The grim thrills of Silent Hill appeal to some women
But it does not bother me, because playing a huge variety of games is something I enjoy doing and no "geeky gamer" image is going to put me off.
That is not the only stereotype that persists in this business.
Some people believe that women only like role playing games, puzzles or adventure games.
Others suggest that women do not like playing computer games at all and that games are just for boys.
In reality, it is down to personal preference, just like a person's taste in films, the books they like to read or TV programmes they enjoy.
In my work as a games developer, I do not think about what would be fun for women to play when I am working on a design.
Instead, I try and think about what is fun for everyone to play, regardless of their gender.
What makes a great game and what appeals to women are very subjective matters.
For example, I love playing games that range from the cute to the gory, spanning every genre, from puzzle games to first person shooters.
Depending on what mood I am in, I will play anything from Half Life, The Legend of Zelda, Silent Hill 2, Final Fantasy VII, The Sims or Goldeneye.
In my job as a games designer I have worked on titles like Harry Potter and the Chamber of Secrets, Harry Potter and the Philosopher's Stone, and the soon to be released I-Ninja.

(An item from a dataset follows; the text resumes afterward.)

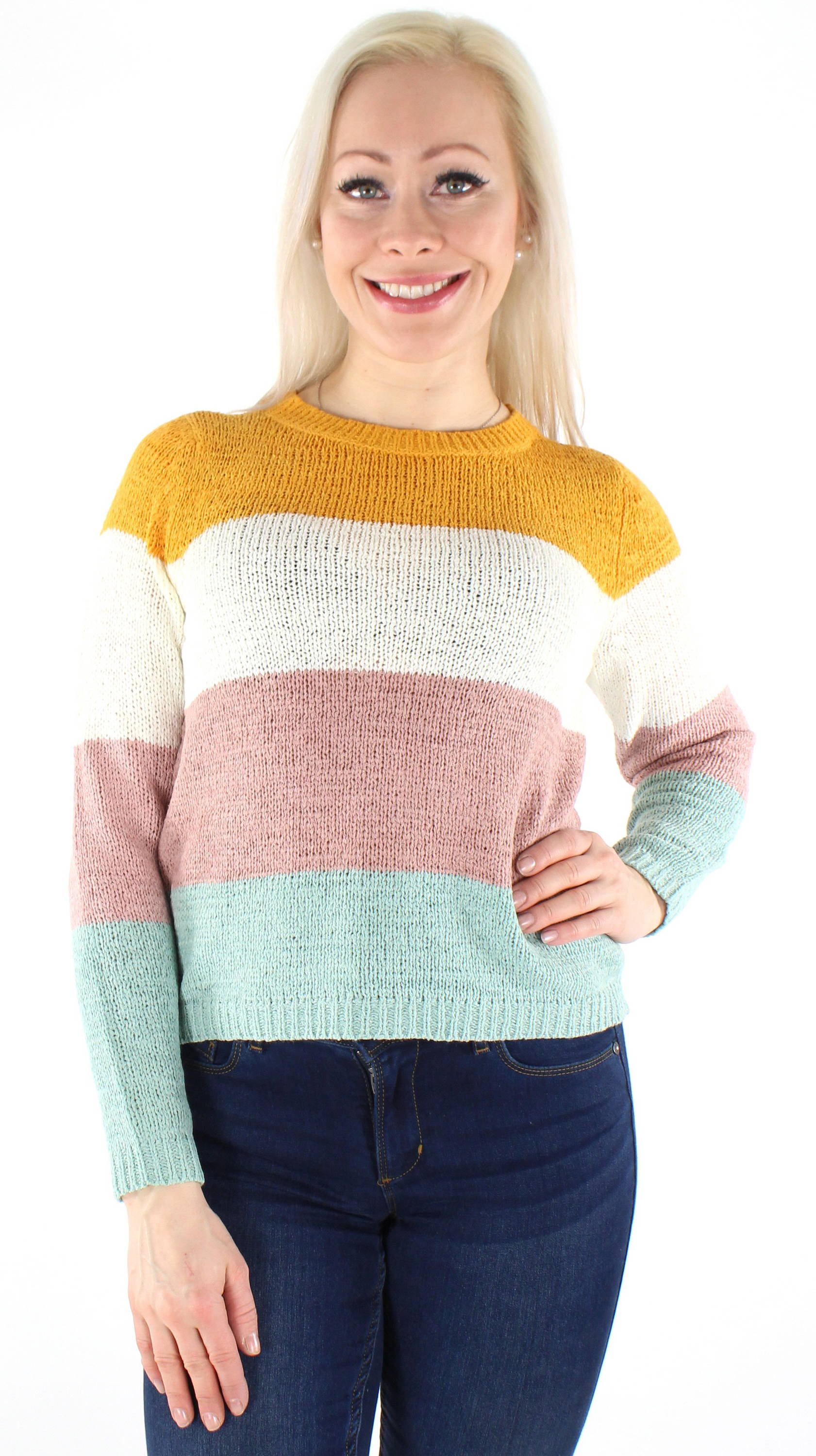Stickad tröja med ränder i härliga färger
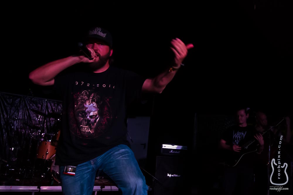 Aus Lübeck kommen also nicht nur weiche Dinge wie Marzipan, sondern auch knallharter Metal, der jetzt aus den Boxen wummert. „The Riddle of Sicken“ wurde 2000 in der Stadt des Holstentors gegründet und erst jetzt erlebe ich diese Band zum ersten Mal. Und ich muss feststellen, das reißt das Publikum an diesem Abend zum ersten Mal richtig mit und auch nach vorne an die Bühne. Der leere Platz vor der Bühne (das berühmt-berüchtigte „Norddeutsche Hufeisen“) ist plötzlich mit Zuschauern gefüllt, die begeistert mitgehen. Zu verdanken ist das allerdings auch dem unermüdlichen Einsatz von Frontmann „Dude“, der alles gibt, damit das Publikum endlich einmal auftaut. Leider ist der Gig auch schon wieder sehr schnell vorbei, um die Running Order dieser Nacht nicht aus dem Ruder laufen zu lassen. Aber während dieses kurzen Gigs hat sich gezeigt, dass Musik sehr wohl Menschen mobilisieren kann. Dafür gebührt „The Riddle of Sicken“ ein kräftiger Dank.

In my experience, these are games that appeal to everyone.
I do not think developers need to concentrate on what kind of games appeal to women because that kind of thinking only serves to reinforce gender stereotypes.
It insults the majority of women gamers, especially if the games released are as being made "for girls".
What the games industry is about is making good games for everyone, and there is a huge variety of excellent games out there begging to be played.
Perhaps the increasing popularity of mobile phone games will introduce more people who have not played games to the gaming world.
Their appeal is that you can have a quick game whilst on the tube, or on the bus or when you want to kill a few minutes.
But the real challenge lies in telling people about them, and one of the main problems is the way a lot of games are marketed.
Generally, games advertising is not targeted at anyone other than males.
Most video game adverts appear in gaming magazines, and many of the adverts that do appear depict gamers as male.
Ms Larke has worked on Harry Potter's adventures
This only serves to reinforce the stereotype that only males play games and that they are something that a female would not be interested in.
Admittedly, if you like games, you are might already be buying games magazines or looking them up on the internet.
But I do think video game adverts in a girl's/woman's magazine might attract even more interest than currently exists.